The U.S. military does not have enough logistics capability to rapidly deploy for and sustain a fight against a peer-level adversary. But the magnitude of the imbalance, and the fact that the U.S. defense budget is very unlikely to grow enough to address the imbalance while continuing to fund current combat capabilities, requires recognizing a very difficult truth. To enable the United States to prevail in a fight against a peer-level adversary oceans away — and in a potentially protracted contest — requires shifting a large portion of the defense budget from combat capabilities to deployability and sustainment assets. 

I commented early in the year:

In an age of great power competition, America needs to be able to win a war with significant attrition to our forces. We got used to the post-Cold War era when only small enemies could be smashed in conventional battle. One effect of that more than a quarter century of time is that America's industrial base cannot sustain a long war against a peer military.

And just this morning, as well.

But it is hardly the first time I've mentioned this issue. Especially the change from the post-Cold War era. And not just for sustaining the Navy for a sea control campaign far from our shores. Getting over there requires a lot of effort to move and sustain a lot of stuff.

When giants fight, nobody ever comes home by Christmas.

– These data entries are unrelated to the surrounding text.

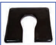
P61126 22"Wx22"D Ensolite® 1" waterfall foam Front/Rear Open Seat A-5"xB-8" opening
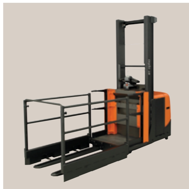
OME100NW • 'Walk-through' version of the OME100N (above) for handling bulky items
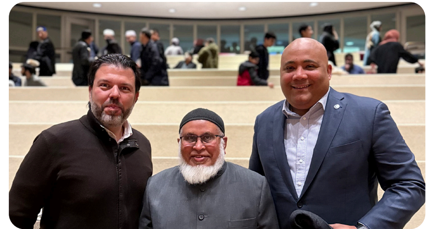
At the 2025 Iftar dinner hosted by City Hall | 出席市政厅举办的 2025 年开年晚宴

鉴于当地居民的强烈关注，随着这项全市战略的逐步成型，我将致力于在第 22 选区寻找新的不拴狗绳区域发展机会。
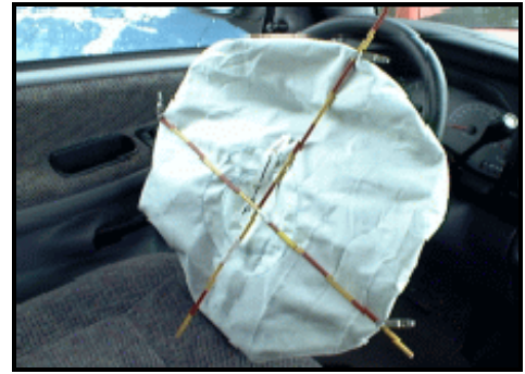
Figure 11. View showing deployed air bag

The driver apparently unbuckled his lap and shoulder belt (post-crash) and exited the left door. He apparently lost his footing as he stepped down onto the pavement and fell onto his right knee. This resulted in a small chip fracture (1cm in diameter) to his patella. The driver was transported to a local hospital where he was treated and released.
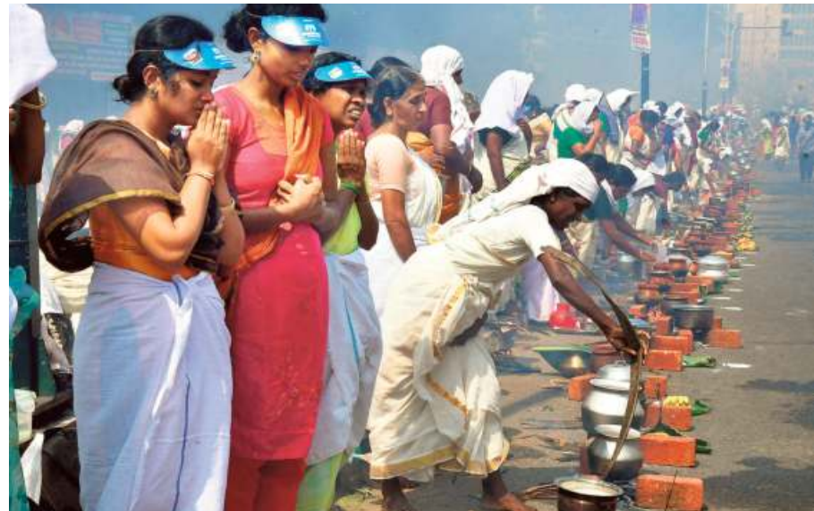
Religious fervour: Women cooking Pongala, a sweet dish, during the annual festival at the Attukal Bhagavathy temple in Thiruvananthapuram on Monday. Despite concerns over fresh cases of COVID-19 in Kerala, lakhs of devotees took part in the women-only event.
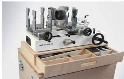
Wooden transport and set-up box
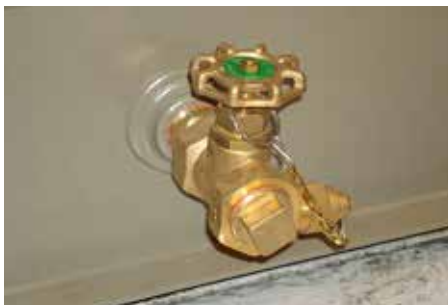
Figure 3. Drain valve with sampler.
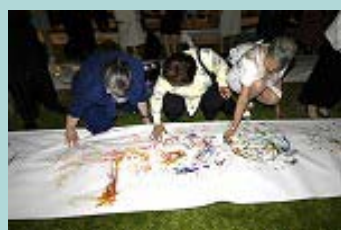
Women Coloring together

Others transferred the image onto large blank wallpaper, and it was rolled up and carried to Israel. During the week-long gathering of women, participants used paint and brushes to color in the mural. (see below)
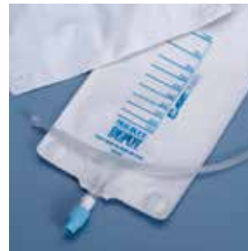
Merit Drainage Depot™ Drainage Bag

So I heartily endorse a commitment to rebuilding our capacity to deploy and sustain forces for a long fight.

I pray our potential enemies have worse problems:

Man cannot tell but Allah knows
How much the other side is hurt.

China almost certainly isn't as strong as they project. But fighting so close to their own country might make that a less-than-decisive factor in a war with America.

As I side note, I believe a co-author of that initially cited article, Brad Martin, was the teaching assistant in one of my international relations political science classes at Michigan. He was a good guy and a rare TA who knew his stuff on military matters.